Task inputs START

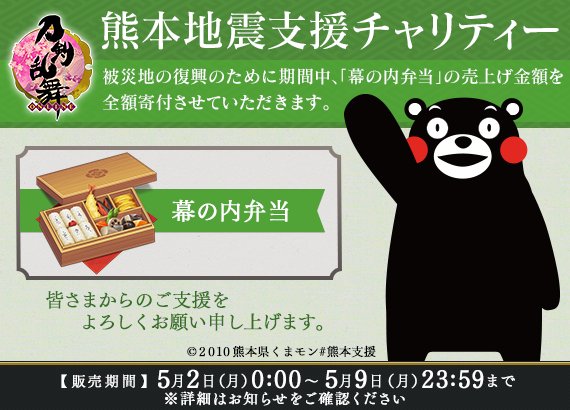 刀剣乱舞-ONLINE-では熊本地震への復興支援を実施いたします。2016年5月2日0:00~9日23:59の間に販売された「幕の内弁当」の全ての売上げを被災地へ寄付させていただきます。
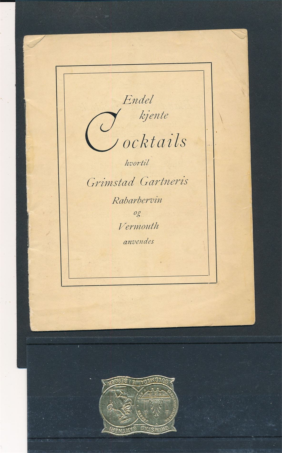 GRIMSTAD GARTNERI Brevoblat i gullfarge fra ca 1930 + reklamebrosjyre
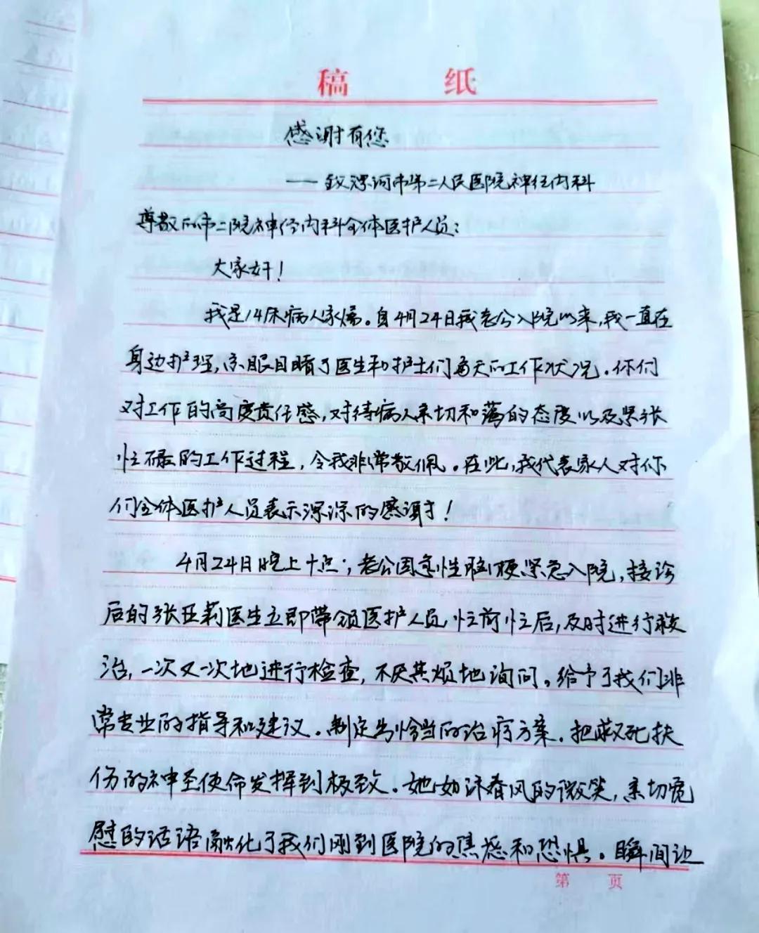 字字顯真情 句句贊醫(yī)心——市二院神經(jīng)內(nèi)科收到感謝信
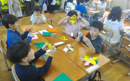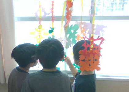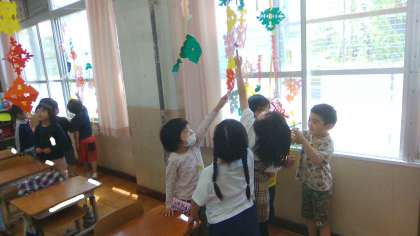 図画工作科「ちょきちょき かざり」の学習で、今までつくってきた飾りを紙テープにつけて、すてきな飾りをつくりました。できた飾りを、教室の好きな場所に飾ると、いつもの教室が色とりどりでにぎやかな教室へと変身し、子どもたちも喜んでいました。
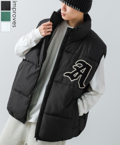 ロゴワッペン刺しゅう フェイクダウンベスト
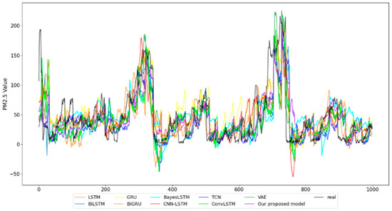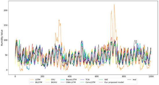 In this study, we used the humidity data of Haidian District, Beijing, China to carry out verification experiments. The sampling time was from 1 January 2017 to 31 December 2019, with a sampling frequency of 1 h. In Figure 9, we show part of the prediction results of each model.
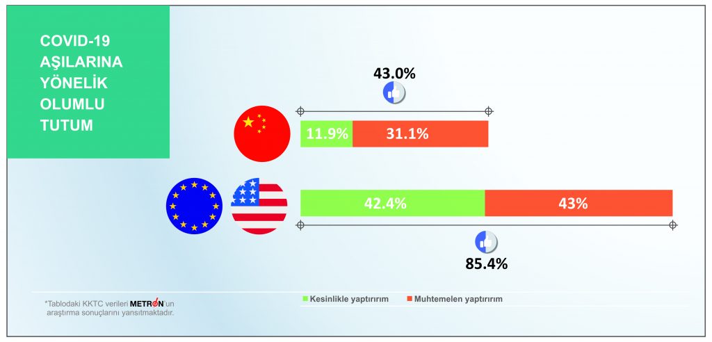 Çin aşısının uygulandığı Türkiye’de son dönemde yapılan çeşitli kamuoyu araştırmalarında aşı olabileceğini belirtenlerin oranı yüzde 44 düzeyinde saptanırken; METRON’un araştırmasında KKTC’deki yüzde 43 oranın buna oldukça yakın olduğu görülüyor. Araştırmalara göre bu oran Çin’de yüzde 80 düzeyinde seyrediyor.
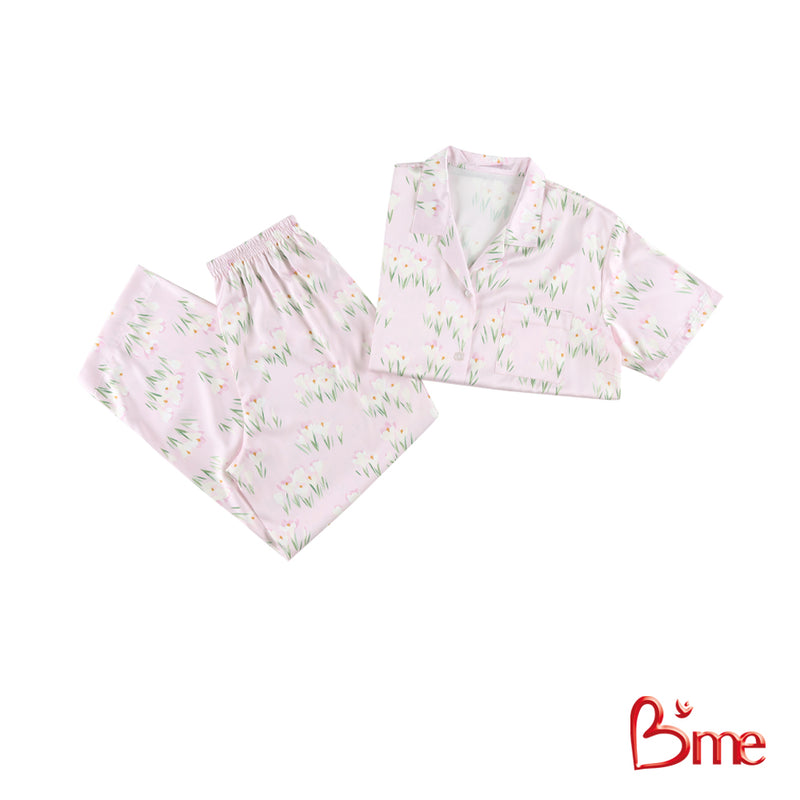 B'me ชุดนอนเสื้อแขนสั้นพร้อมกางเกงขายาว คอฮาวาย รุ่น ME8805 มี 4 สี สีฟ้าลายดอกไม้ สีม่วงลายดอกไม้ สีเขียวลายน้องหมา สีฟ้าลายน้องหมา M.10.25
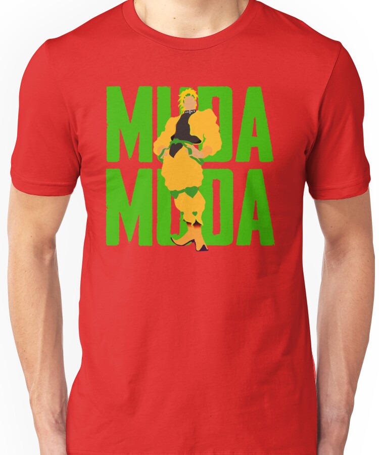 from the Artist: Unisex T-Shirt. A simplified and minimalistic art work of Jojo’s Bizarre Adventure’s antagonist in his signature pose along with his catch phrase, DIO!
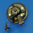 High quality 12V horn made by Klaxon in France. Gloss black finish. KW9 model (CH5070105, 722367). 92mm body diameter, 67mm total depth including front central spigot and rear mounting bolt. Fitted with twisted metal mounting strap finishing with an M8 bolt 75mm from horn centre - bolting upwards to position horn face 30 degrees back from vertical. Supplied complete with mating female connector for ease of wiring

Task inputs END
Task inputs START

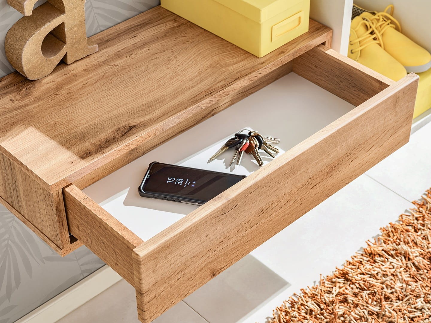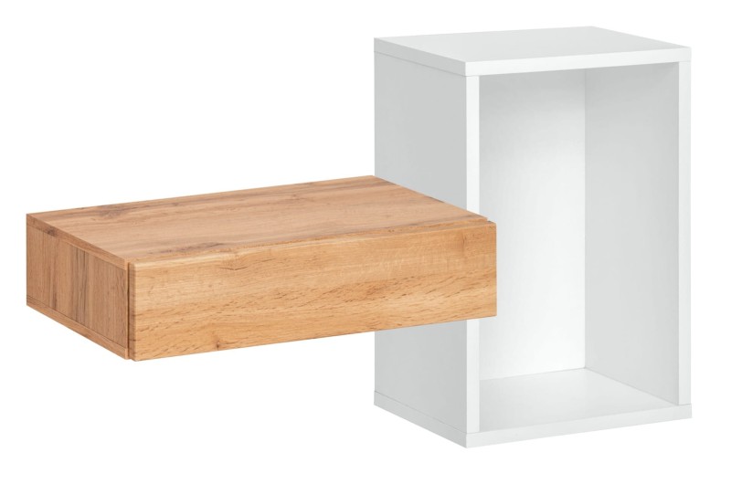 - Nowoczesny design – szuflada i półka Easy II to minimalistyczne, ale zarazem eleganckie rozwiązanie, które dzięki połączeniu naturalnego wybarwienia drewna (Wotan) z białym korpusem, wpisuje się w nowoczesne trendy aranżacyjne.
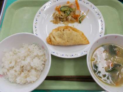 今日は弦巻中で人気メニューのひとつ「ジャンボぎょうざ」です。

Task inputs END

When copying from the data above, begin at the line containing "from the Artist: Unisex" and end at the line containing "High quality 12V"; return those lines exactly and leave all pictures behind.

* **Written reply**:
 from the Artist: Unisex T-Shirt. A simplified and minimalistic art work of Jojo’s Bizarre Adventure’s antagonist in his signature pose along with his catch phrase, DIO!
 High quality 12V horn made by Klaxon in France. Gloss black finish. KW9 model (CH5070105, 722367). 92mm body diameter, 67mm total depth including front central spigot and rear mounting bolt. Fitted with twisted metal mounting strap finishing with an M8 bolt 75mm from horn centre - bolting upwards to position horn face 30 degrees back from vertical. Supplied complete with mating female connector for ease of wiring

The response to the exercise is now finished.